> On Sun, May 07, 2023 at 11:39:18PM -0700, Yang, Fei wrote:
>>> On Wed, May 03, 2023 at 03:50:59PM -0700, fei.yang@xxxxxxxxx wrote:
>>>> From: Fei Yang <fei.yang@xxxxxxxxx>
>>>>
>>>> Currently the KMD is using enum i915_cache_level to set caching policy for
>>>> buffer objects. This is flaky because the PAT index which really controls
>>>> the caching behavior in PTE has far more levels than what's defined in the
>>>> enum. In addition, the PAT index is platform dependent, having to translate
>>>> between i915_cache_level and PAT index is not reliable, and makes the code
>>>> more complicated.
>>>>
>>>> From UMD's perspective there is also a necessity to set caching policy for
>>>> performance fine tuning. It's much easier for the UMD to directly use PAT
>>>> index because the behavior of each PAT index is clearly defined in Bspec.
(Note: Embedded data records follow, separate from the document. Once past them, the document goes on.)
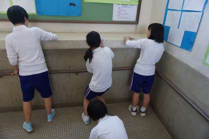 6月10日(金)6時間目,全生徒が校内一斉清掃に取り組みました。各学年で分かれて,廊下・階段を“みがき”ました。生徒会環境委員長より,校内放送でねらいと清掃分担の説明があり,そのあと軽快な音楽が流れる中,全校生徒が一斉に廊下を“ふく”のではなく“磨き”ました。日中の気温は30度をこえる暑い中での取り組みでしたが,すっかりきれいになった廊下・階段を通る風は,とてもさわやかでした。お疲れ様!!
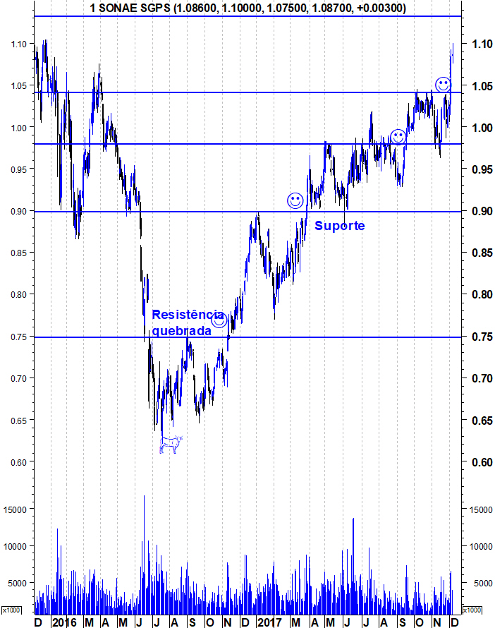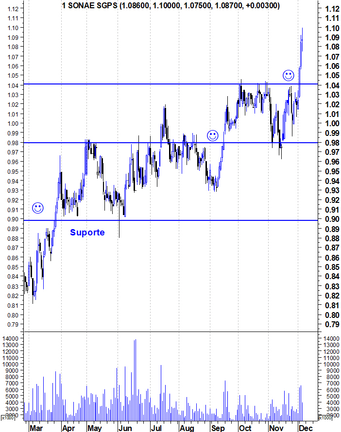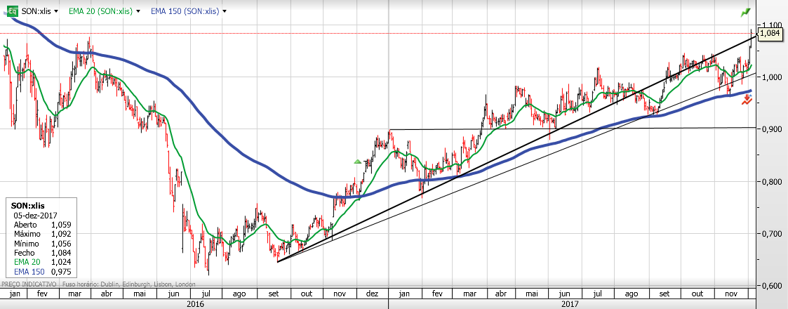 A SONAE está num Bull muito consistente e com retrações ou consolidações muito saudáveis.
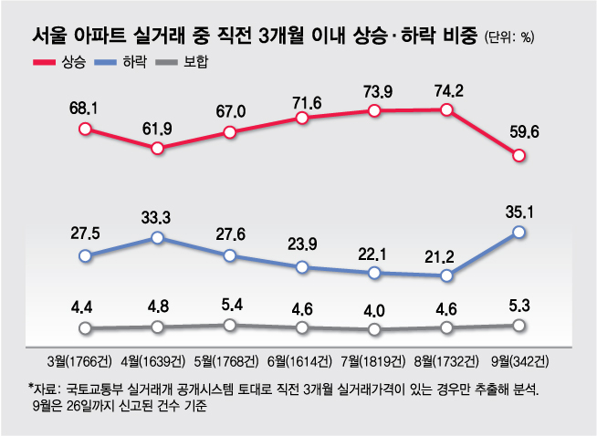 30일 머니투데이가 국토교통부 실거래가 공개시스템에 올라온 9월(1일~26일) 아파트 실거래 신고건을 전수 분석한 결과, 직전 거래 가격 대비 가격을 낮춘 하락 거래 비중이 35.1%에 달하는 것으로 조사됐다. 직전 3개월 안에 같은 단지에서 거래가 있어 비교가 가능한 실거래 총 342건 가운데 120건이 가격을 낮춰 성사된 것이다.
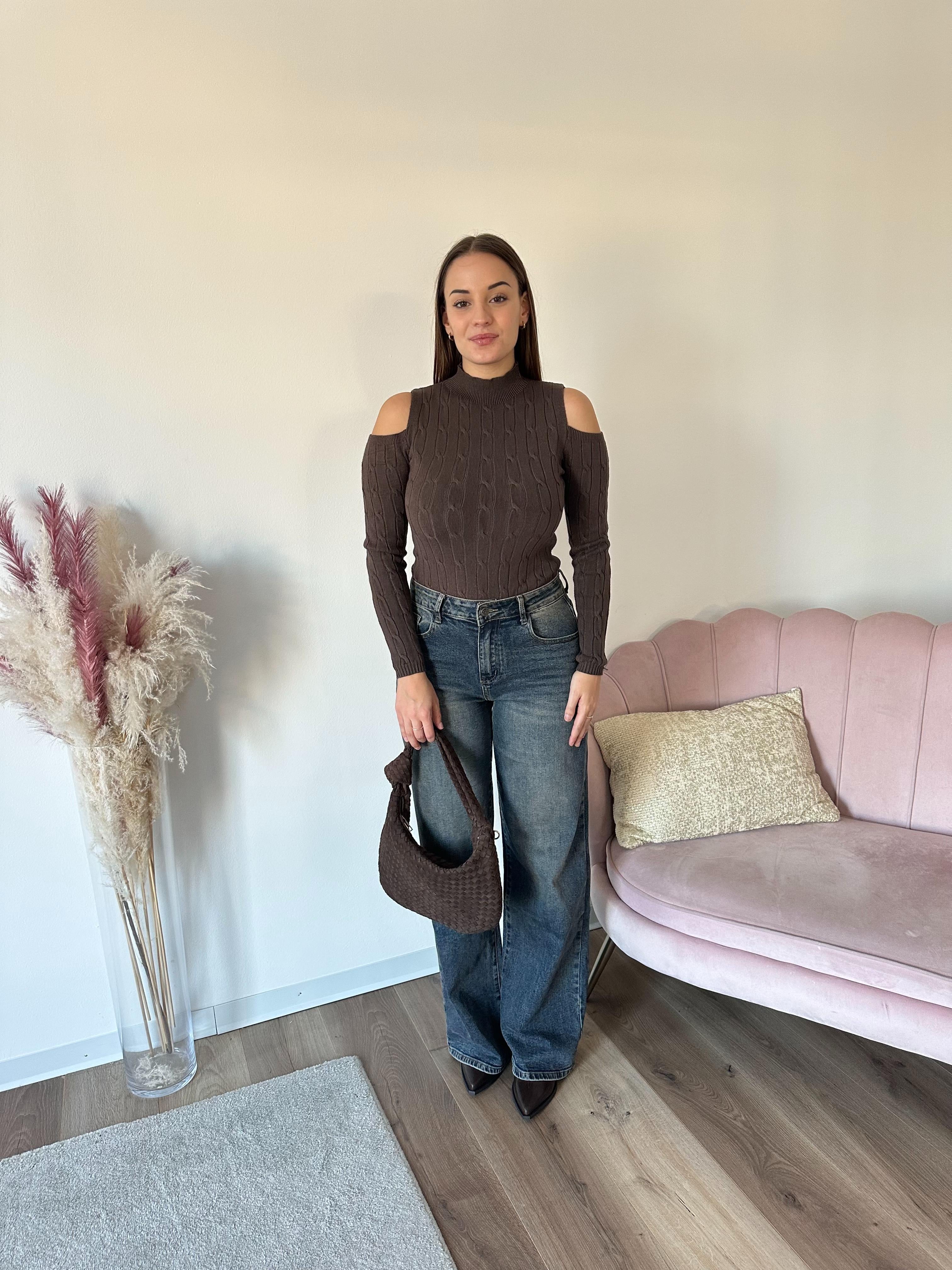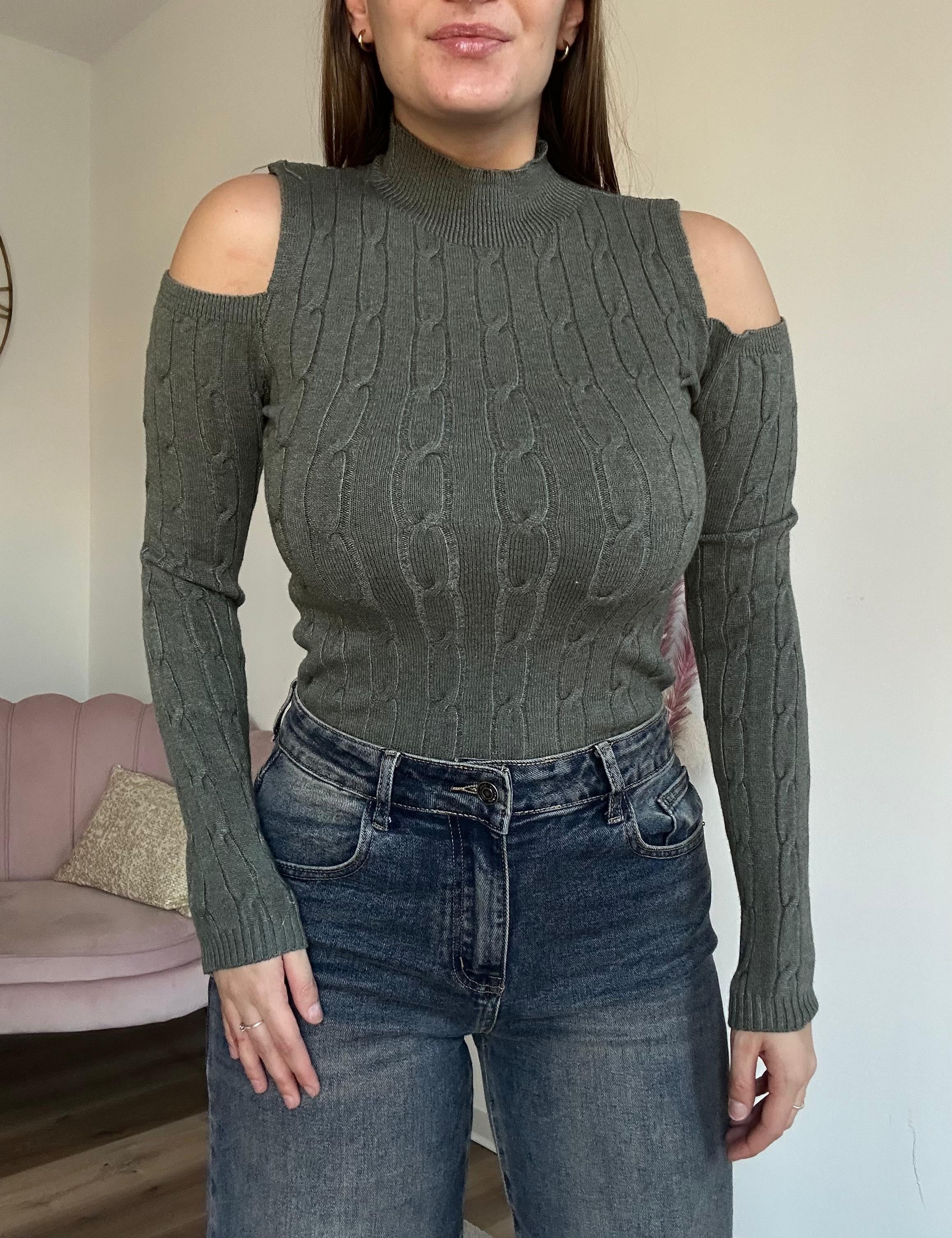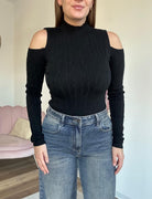 Pull lavorazione a treccia, caldo e morbido, con aperture sulle spalle, elasticizzato, lunghezza normale

>>>> Having the abstracted i915_cache_level sitting in between would only cause
>>>> more ambiguity.
>>>
>>> It may be worth mentioning here that PAT is expected to work much like
>>> MOCS already works today --- the contract on the exact platform-specific
>>> meaning of each index is documented in the hardware spec and userspace
>>> is expected to select the index that exactly matches the behavior it
>>> desires.
>> will update.
Please review https://patchwork.freedesktop.org/series/117480/
>>>>
>>>> For these reasons this patch replaces i915_cache_level with PAT index. Also
>>>> note, the cache_level is not completely removed yet, because the KMD still
>>>> has the need of creating buffer objects with simple cache settings such as
>>>> cached, uncached, or writethrough. For such simple cases, using cache_level
>>>> would help simplify the code.
>>>
>>> See my comment farther down, but the implementation of
>>> i915_gem_object_has_cache_level() seems a bit confusing and you may want
>>> to elaborate on it here.
>>>
>>> Also somewhat confusing from a high-level skim is if/how we're still
>>> using obj->cache_coherent once userspace has taken direct control of the
>>> cache behavior. Some PAT indices give coherency and others don't (and
>>> the combinations will likely get more complicated on future platforms).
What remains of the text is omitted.